> [Dataset excerpts]:
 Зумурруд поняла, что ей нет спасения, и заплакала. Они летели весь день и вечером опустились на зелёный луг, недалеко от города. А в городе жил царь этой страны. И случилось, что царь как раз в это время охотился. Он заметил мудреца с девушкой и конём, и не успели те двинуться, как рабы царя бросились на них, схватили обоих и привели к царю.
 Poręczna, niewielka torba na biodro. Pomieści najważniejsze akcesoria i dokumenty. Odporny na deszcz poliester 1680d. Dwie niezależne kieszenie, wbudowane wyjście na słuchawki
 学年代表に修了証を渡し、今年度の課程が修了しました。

---

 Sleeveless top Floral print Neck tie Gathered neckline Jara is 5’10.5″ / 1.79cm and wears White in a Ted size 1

> [The task]: Look back at the entries above and repeat, unchanged, every line from the line holding "Зумурруд поняла, что" through the line holding "学年代表に修了証を渡し、今年度の課程が修了しました。".

> [Response to the exercise]:
 Зумурруд поняла, что ей нет спасения, и заплакала. Они летели весь день и вечером опустились на зелёный луг, недалеко от города. А в городе жил царь этой страны. И случилось, что царь как раз в это время охотился. Он заметил мудреца с девушкой и конём, и не успели те двинуться, как рабы царя бросились на них, схватили обоих и привели к царю.
 Poręczna, niewielka torba na biodro. Pomieści najważniejsze akcesoria i dokumenty. Odporny na deszcz poliester 1680d. Dwie niezależne kieszenie, wbudowane wyjście na słuchawki
 学年代表に修了証を渡し、今年度の課程が修了しました。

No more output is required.